I slept on the problem and came up with some tentative ideas. Firstly, when we are transacting with an organisation (from getting past a registration barrier to download some info, through buying things, to filing tax returns), everything on our screens is about the organisation (much of it irrelevant for our purposes) and nothing is about us. Why can’t our platforms present a prominent avatar representing us, clickable to view and edit information we’ve recorded, and dragable onto register, sign-in or authorise fields in apps or browsers?
Now, there could be infinite variations of ‘me’ depending on how much personal information I want to give away; and the degree of assurance the organisation needs to conduct business with me (of course, it’s entirely possible there could be no overlap).
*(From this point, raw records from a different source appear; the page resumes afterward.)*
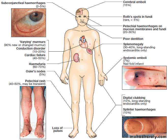 Extracardiac manifestations, such as vasculitis and skin lesions, are due to emboli or immune complex deposition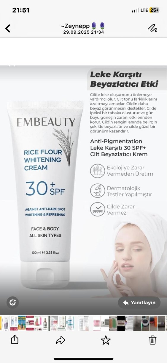 Embeauty Pirinç Unlu Beyazlatıcı Krem SPF30, leke karşıtı ve cilt tonunu açıcı etkiler sunar. Güneşin zararlı etkilerinden korur, ciltteki koyu lekeleri azaltır. Yüz ve vücut için uygundur. Sıfırdır hiç kullanılmadı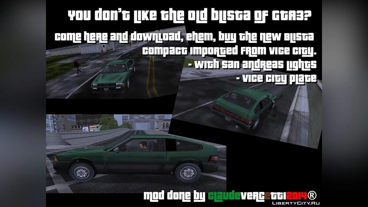 Этот мод заменяет старую Блисту из GTA 3 на её более модифицированную версию. Машина сконвертирована из GTA Vice City, номерные знаки остались прежними, а фары и некотрые текстуры перекочевали прямиком из Сан-Андреаса....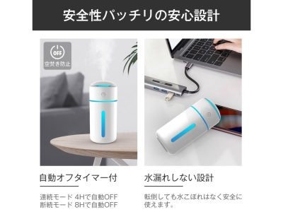 Amazonの加湿器で一番人気。とにかく小さい! バッグに入れて携帯したり、車載用にしても。7色のLEDライトつき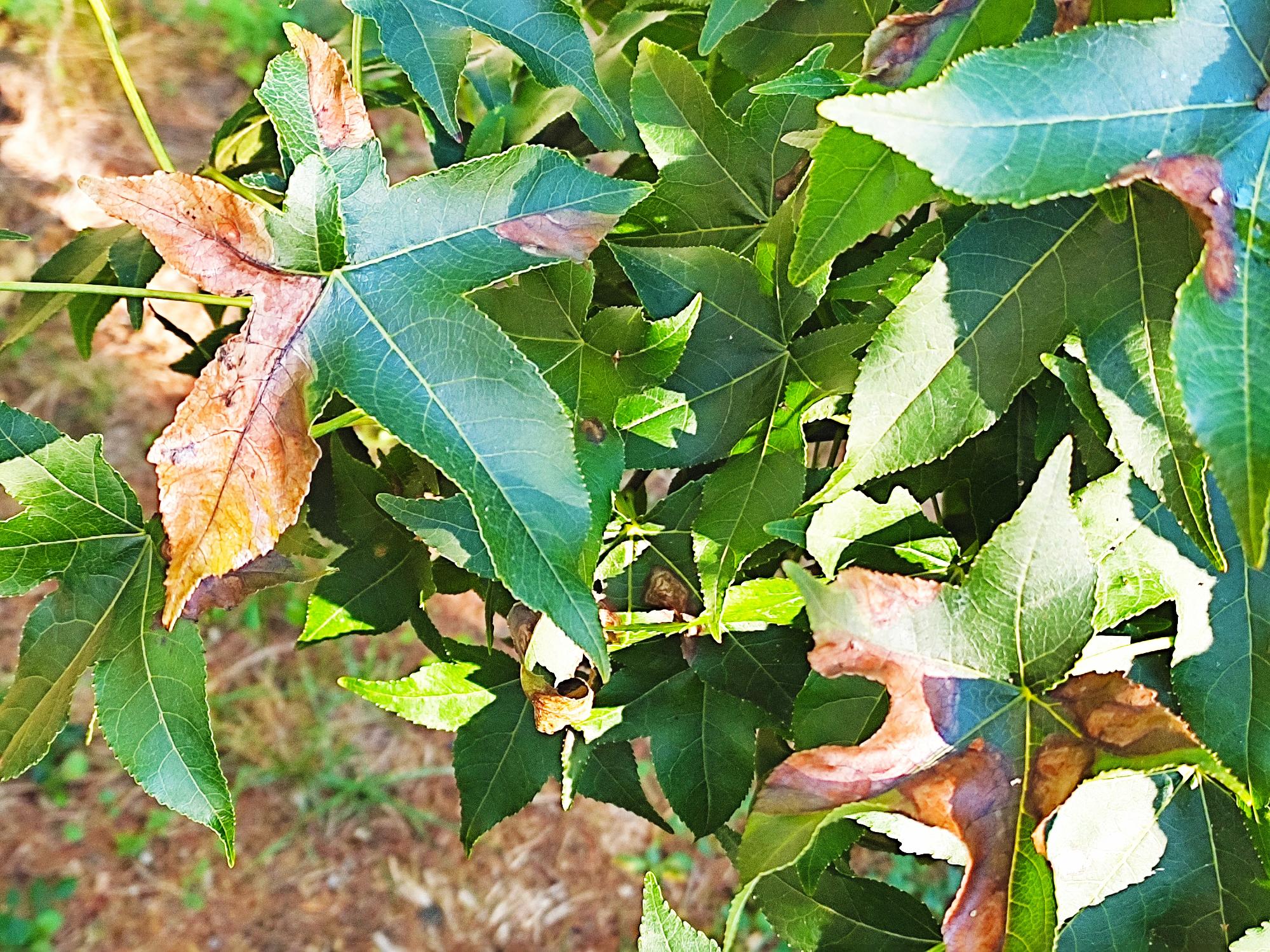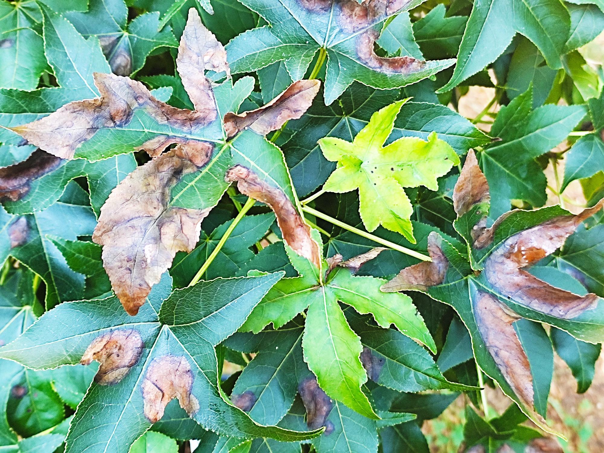 Az ámbrafa leveleinek foltosodásának több oka is lehet. Most leginkább a légszárazságra vagy napégésre lehet gyanakodni. Erről ír ez a cikkünk: https://www.gazdabolt.hu/cikkek-hirek/cikk/2025.-evi-16.-novenyvedelmi-felhivas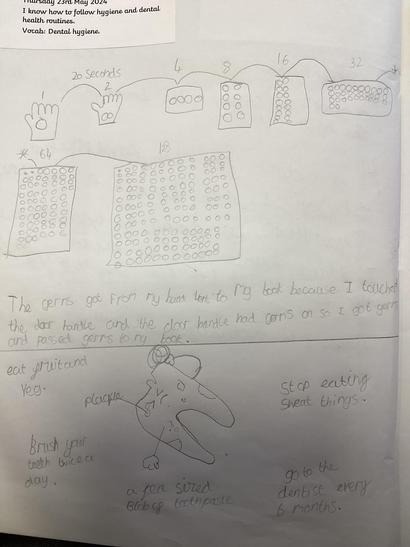 This week we have been looking at hygiene and the importance of washing our hands properly. We have investigated how germs can travel to different areas of the room through touch and how they can multiply quickly.

I reckon I could get by with three variations, represented by three personas:
- A pseudonym (I get tired of typing firstname.lastname@example.org just to access a café’s wifi; there are some guilty parties registering for our webinars too!)
- Basic personal information (name, age, sex, address) for organisations I trust, with a need-to-know
- All of the above, maybe more, but (at least, partly) attested by some trusted third party.
Obsessives could be given the ability to define as many options, with as many nuances, as they like; but complexity should be easily ignorable to avoid clutter for the average user.
I think it’s the major operating system providers that need to make this happen: essentially, Apple, Android and Microsoft, preferably in a standard and portable way. For each we would set up an ordered list of our preferred authentication methods (PIN, facial recognition, etc) and organisations would declare what is acceptable to them. The system would work out what works for both of us. If the organisation wants anything extra, say some kind of challenge/response, that would be up to them. Hopefully, that would be rare.
The Apple Pay and Google Pay wallets are some way to providing a solution. But sitting above the payment cards and boarding passes there needs to be the concept of persona. At the moment, Apple and Google may be too invested in promulgating their own single customer views to see the need to take this extra step.
I sensed frustration from the panellists that everything was solvable, certainly technically. Governance (e.g. who is liable for what when it all goes wrong?) was taken to be a sticking point. True, but I think we need to put the average user front and centre. Focus groups with mocked-up user experiences would be a good start; we’d be happy to help with that!